■ Assignment
The answer must consist solely of the lines below starting at the one containing "Metalen drukplaat met" and ending at the one containing "metallic riders jacket", repeated exactly, with both ends included and all pictures omitted.

■ Provided data
-----

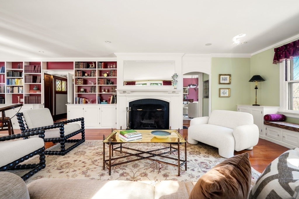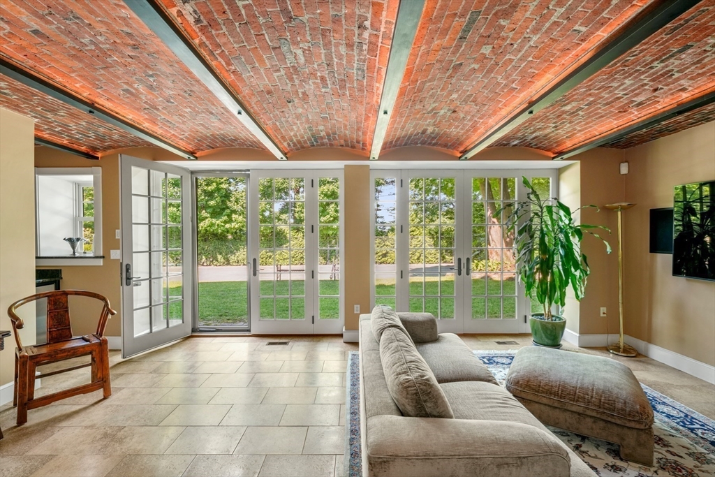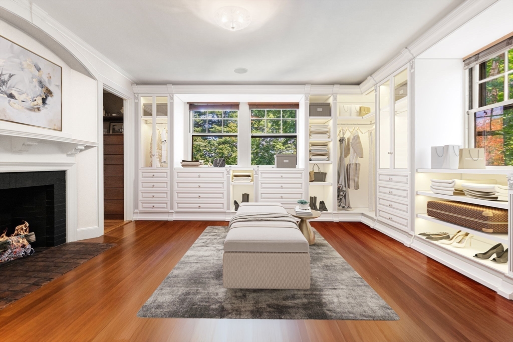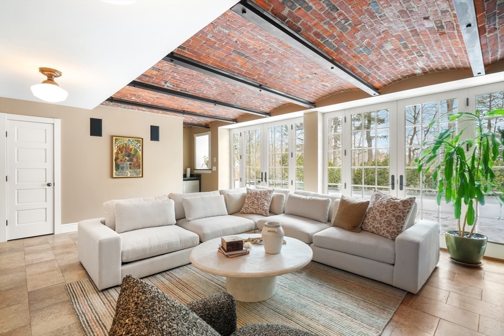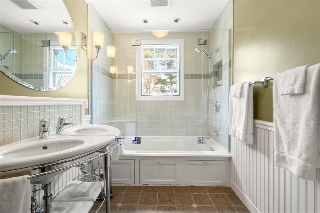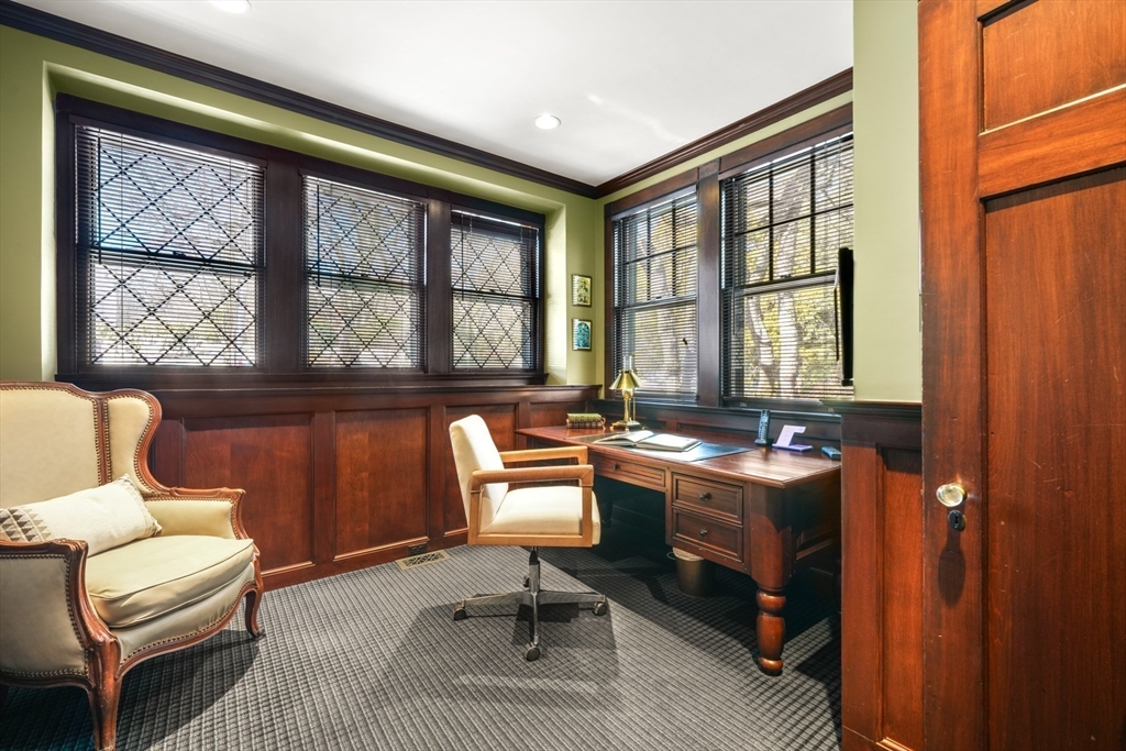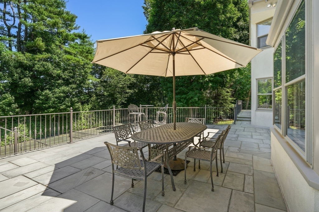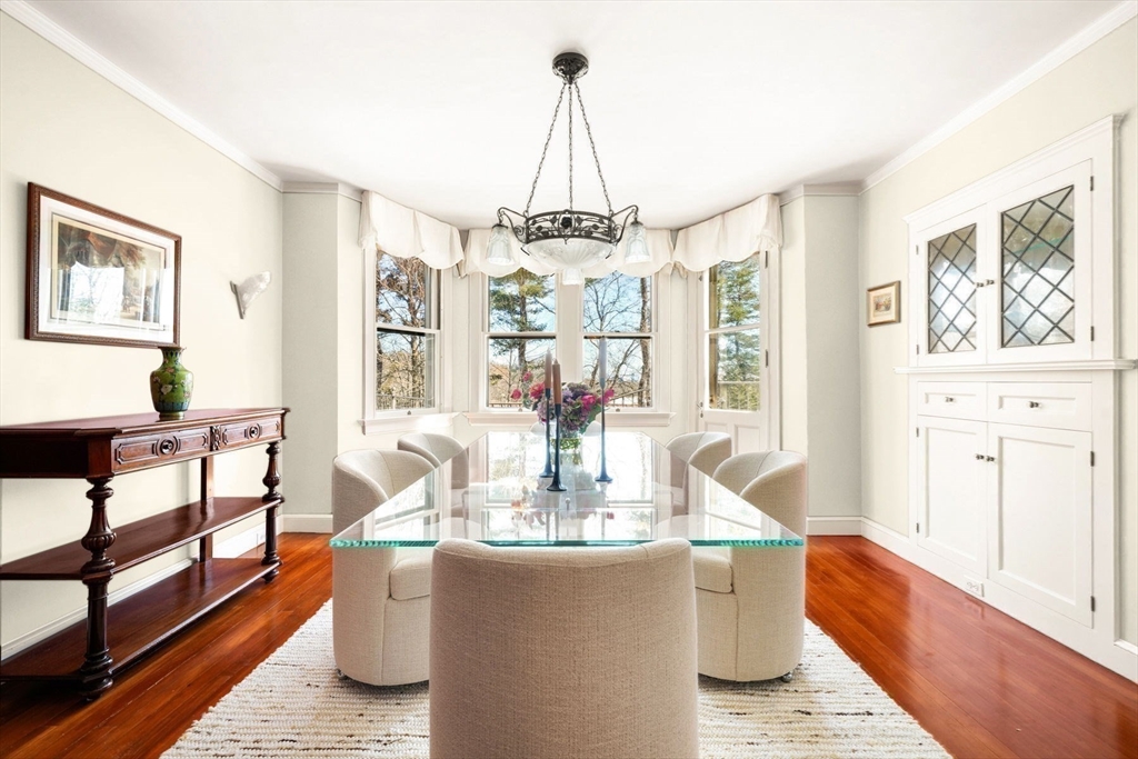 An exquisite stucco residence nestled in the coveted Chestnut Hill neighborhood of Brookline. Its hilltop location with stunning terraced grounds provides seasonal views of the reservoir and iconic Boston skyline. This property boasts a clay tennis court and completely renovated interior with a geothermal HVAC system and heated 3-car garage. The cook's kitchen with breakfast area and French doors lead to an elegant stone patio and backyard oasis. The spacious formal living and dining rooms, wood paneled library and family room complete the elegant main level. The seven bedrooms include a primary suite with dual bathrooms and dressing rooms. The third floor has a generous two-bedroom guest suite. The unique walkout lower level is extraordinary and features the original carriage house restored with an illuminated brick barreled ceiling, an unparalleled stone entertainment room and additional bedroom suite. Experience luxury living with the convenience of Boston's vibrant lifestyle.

-----

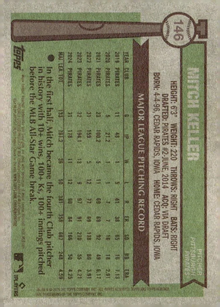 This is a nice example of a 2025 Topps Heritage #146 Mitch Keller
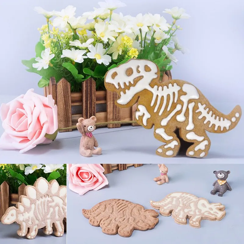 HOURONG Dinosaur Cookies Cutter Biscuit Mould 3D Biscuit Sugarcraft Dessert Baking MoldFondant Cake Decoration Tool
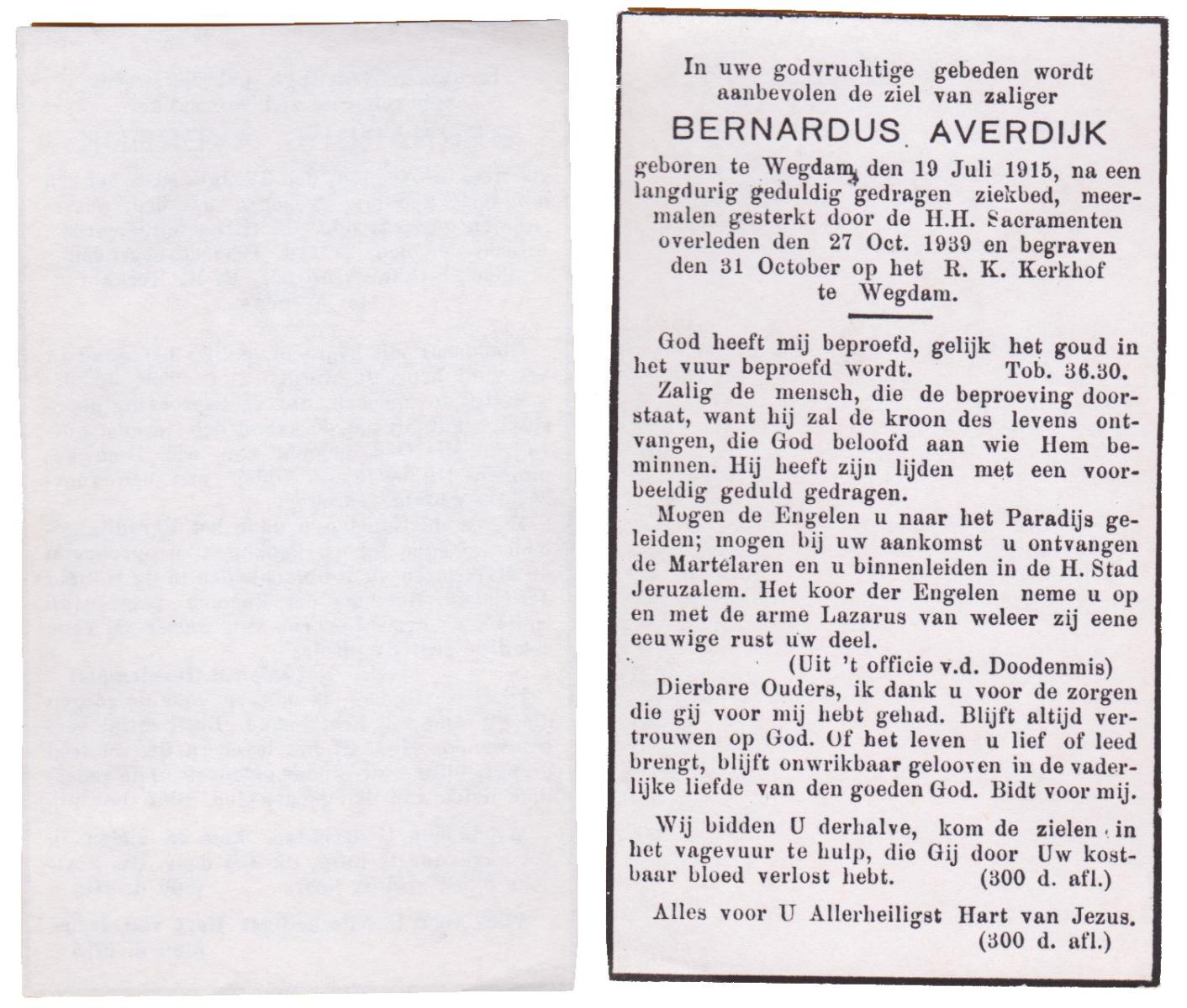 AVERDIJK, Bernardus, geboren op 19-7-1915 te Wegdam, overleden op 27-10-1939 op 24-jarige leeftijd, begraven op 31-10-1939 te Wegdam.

-----

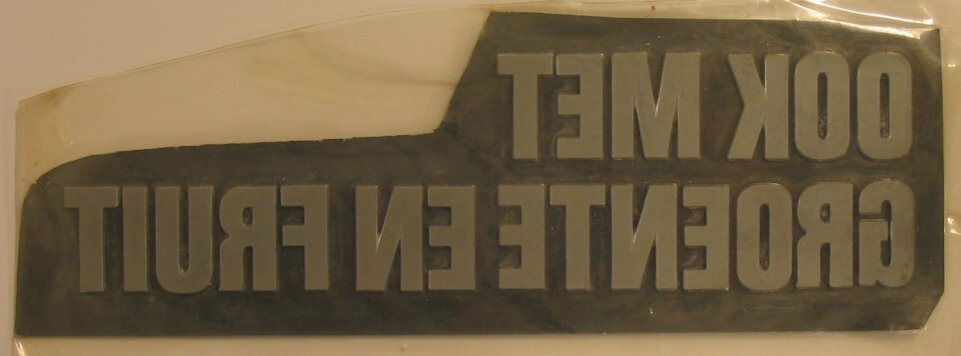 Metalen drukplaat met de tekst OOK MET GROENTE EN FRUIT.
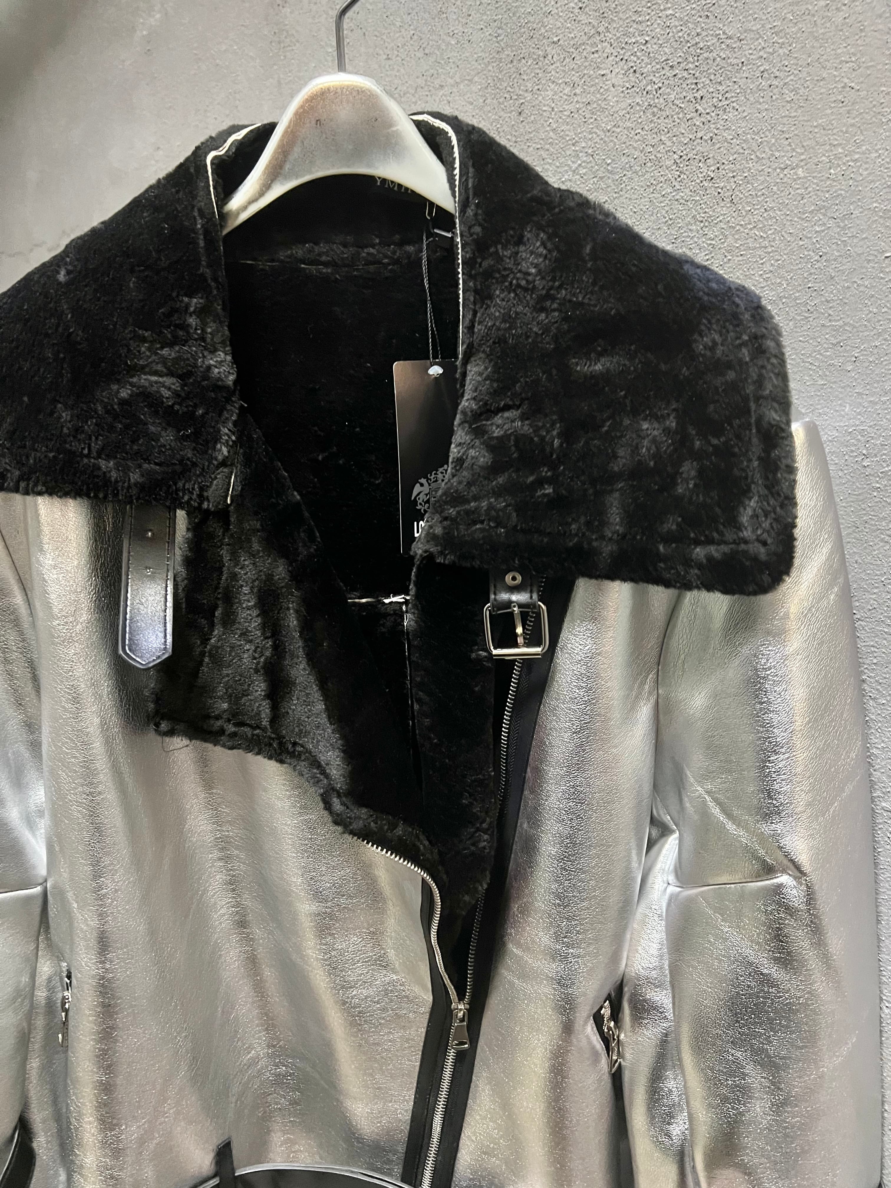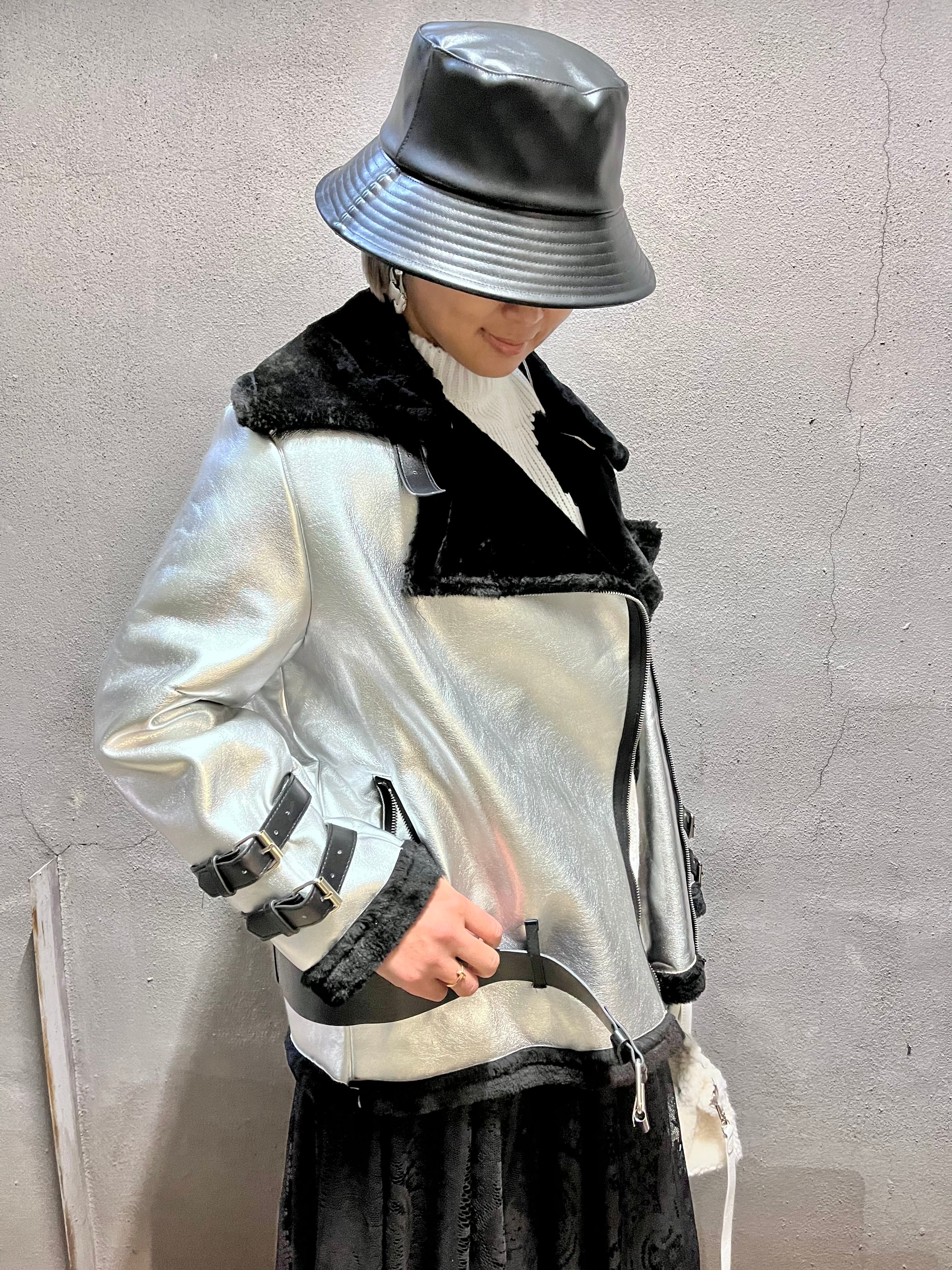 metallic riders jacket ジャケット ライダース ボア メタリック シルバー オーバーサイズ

-----

■ Response box
 Metalen drukplaat met de tekst OOK MET GROENTE EN FRUIT.
 metallic riders jacket ジャケット ライダース ボア メタリック シルバー オーバーサイズ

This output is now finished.